Below, therefore, are the only the sectors for which I think it’s possible to draw any firm conclusions, along with the total manufacturing results as a control figure. This highly limited sample shows the latest after-inflation growth rates from August (again, the first full months the first China tariffs were in effect) through December, and through January. And the only consistent trend visible here is volatility.

                                                                       Aug.-Dec.                    Aug.-Jan.

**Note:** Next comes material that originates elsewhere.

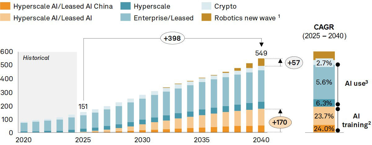 Data center AI workloads can be mainly categorized as training or use/inferencing. AI training involves large-scale computing that feeds data into algorithms to help an AI model iteratively learn patterns and relationships. Training requires machine learning algorithms and significant computing power but tends to not be latency sensitive, as the data processing is relatively self-contained. This means the data center can be in more remote locations to alleviate pressure on capacity-constrained electrical grids. AI inferencing/use requires less computing power than AI training and is often not latency-constrained and therefore can, in some cases, be in remote locations. However, there are some AI inferencing use cases that require low latency or interaction with a large amount of data that is not part of an AI training facility. In this case, the AI inferencing center may need to be located close to end-users or to the data required.

overall manufacturing:                              +1.26 percent              +0.36 percent

ball bearings:                                             +0.02 percent               -0.09 percent

industrial heating equipment:                    +5.19 percent              -3.86 percent

farm machinery and equipment:                +2.50 percent              +9.12 percent

As the next few months pass, it will be possible to examine usefully the China tariffs’ impact on more and more manufacturing sectors. To date, however, the grade is “incomplete” (at best). As for the effects of the steel tariffs, though, isn’t it time to consider putting that #TariffsHurt hashtag way out to pasture?